# I found a tick in my husbands belly button-Long rant



## glorified_rice (Jun 5, 2005)

Yes, that's right, in his belly button. He sometime works outside a lot and walks in remote areas with tall grasses, etc... so he had me check his body over really well when he came home from work last Thursday. Well, I stupidly failed to look in his belly button







and so did he. Well, yesterday (an entire week later) he sat on the couch next to me and I happened to just look over at the exact right angle and I said "You have something really gross in your belly button" and he jumped up and looked and sure enough.

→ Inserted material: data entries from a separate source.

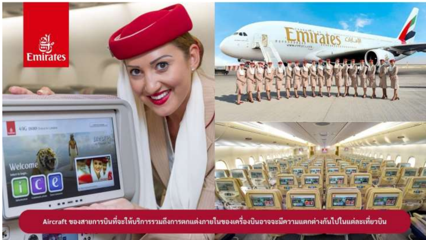
Aircraft ของสายการบินที่จะให้บริการรวมถึงการตกแต่งภายในของเครื่องบินอาจมีความแตกต่างกันไปในแต่ละเที่ยวบิน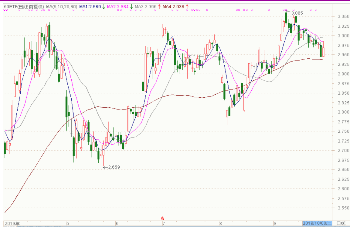
图表 2：上证 50ETF 日 K 线图（前复权）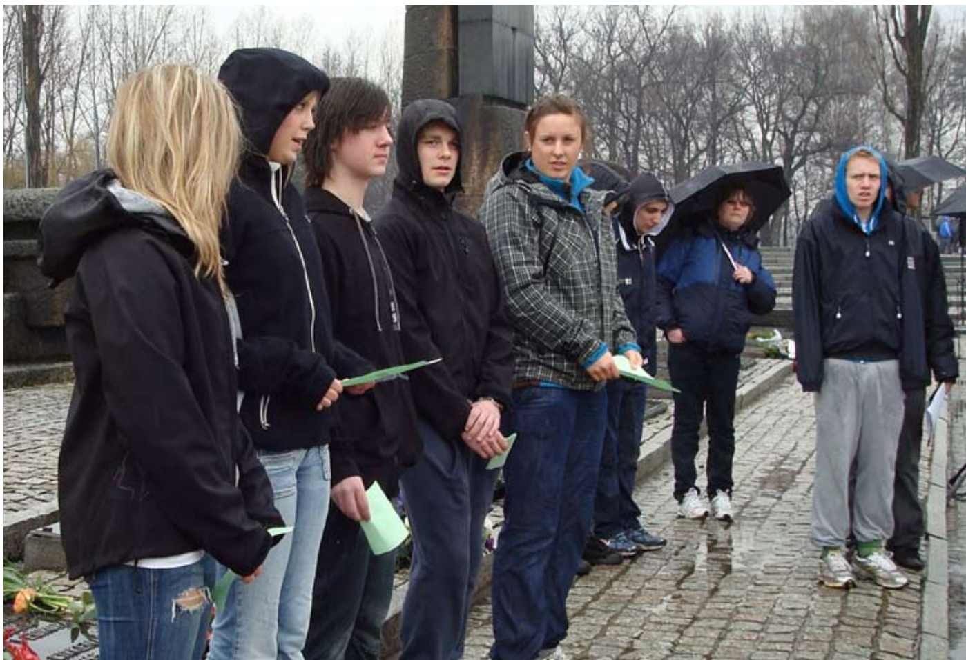
Fra fredsreisen i mars 2009. Minnestund i Auschwitz Birkenau.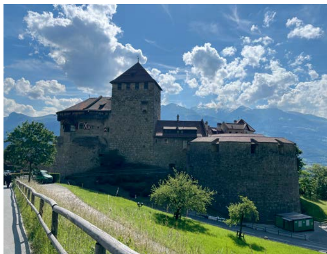
Výlet zahájila návštěva hradu Vaduz, kde členy spolku přijala Jeho Jasnost dědičný princ Alois.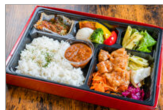
とろとろチキンのトマト煮洋食ミートBOX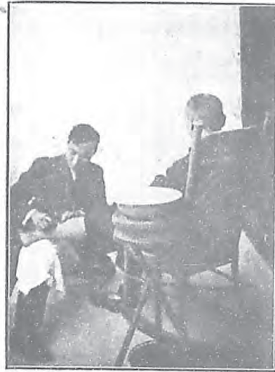
患脚氣症者之治療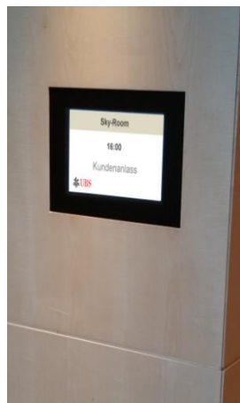
H-Type 15" in die Wand eingelassen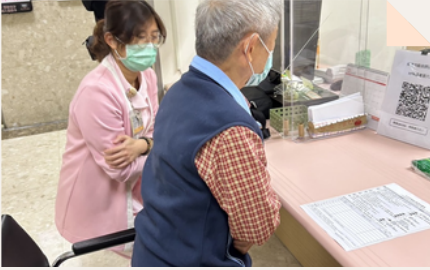
長者執行行動能力測驗

目標是幫助民眾「健康老化」，讓老年人即使身體機能逐漸改變，仍能維持自主、有尊嚴的生活。透過六大內在能力檢測，協助長者早期發現健康風險，並依評估結果提供個人化健康建議、衛教資訊與資源轉介，達到健康老化目的。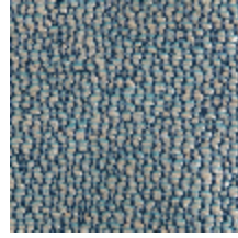
1483-05 SPLASH - OCEAN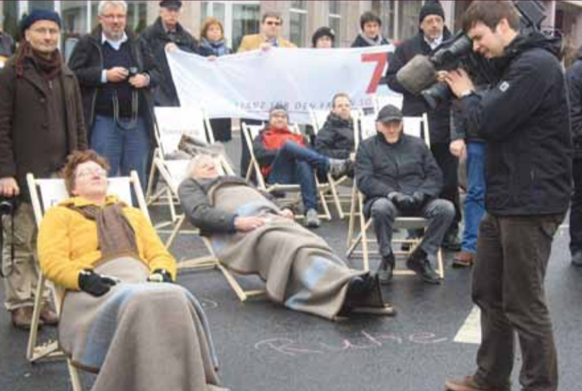
Mit einem »Ruhe-Mob« auf einer der verkehrsreichsten Kreuzungen Fuldas sorgten die Sonntagsaktivisten für Aufmerksamkeit

Die Allianz für den freien Sonntag ist in mittlerweile acht Bundesländern und ca. 80 Regionen in Deutschland aktiv. Seit 2011 gibt es auch eine »European Sunday Alliance«. AHA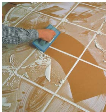
Sellado de juntas de gres residencial.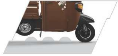
ഉയർന്ന ഗ്രൗണ്ട് ക്ലിയറൻസ്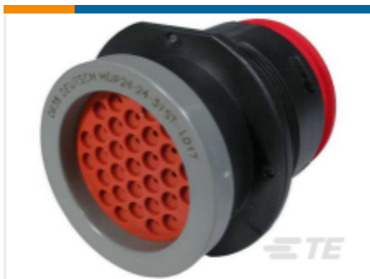
TE 产品编号HDP24-24-31ST-L017 REC, 31P, BLK, T, RNG, 16, S

It turns out that his belly button is the perfect little garage for a tick. So, anyway, It was so firmly attached that I didn't feel comfortable removing it, so I sent him to the clinic where they removed it and promptly wrote him an RX for an 21 day antibiotic







:. DH asked the Dr. why he would need one, given the fact that he isn't showing any signs of being sick and Lyme disease is extremely rare in our area. (I know that there are other tick-borne diseases too) The Dr. responded... "well, one of the basic tenets of medicine is to first do no harm







:ah, ok... so I guess giving a 21 day antibiotic that is most likely unnecessary is doing no harm. Hmmm. Then, as he was on his way out, the Dr. asked that age-old question. "Are you up to date on your teatnus booster?" That was just too much. He ended up getting into a big discussion with her about how tetanus is contracted, etc... she even mentioned the rusty nail







fallacy. She finally conceded that he probably didn't have anything to worry about as far as tetanus and the tick. The nurse then chimed in and said that in over 30 years of being a nurse, she had seen only one case of tetanus and it was in a very elderly man. So, yeah, needless to say, no fill on that antibiotic. I wonder why we steer clear of the clinic as much as we possibly can.


----------



## KMK_Mama (Jan 29, 2006)

Ewwww, I'm sorry.

I just talked to my SIL the other day and her friends little girl had just been diagnosed with Lyme Disease. It sounds very scary, especially for a 2 year old!

I would definately hold onto the RX though just in case.


----------



## glorified_rice (Jun 5, 2005)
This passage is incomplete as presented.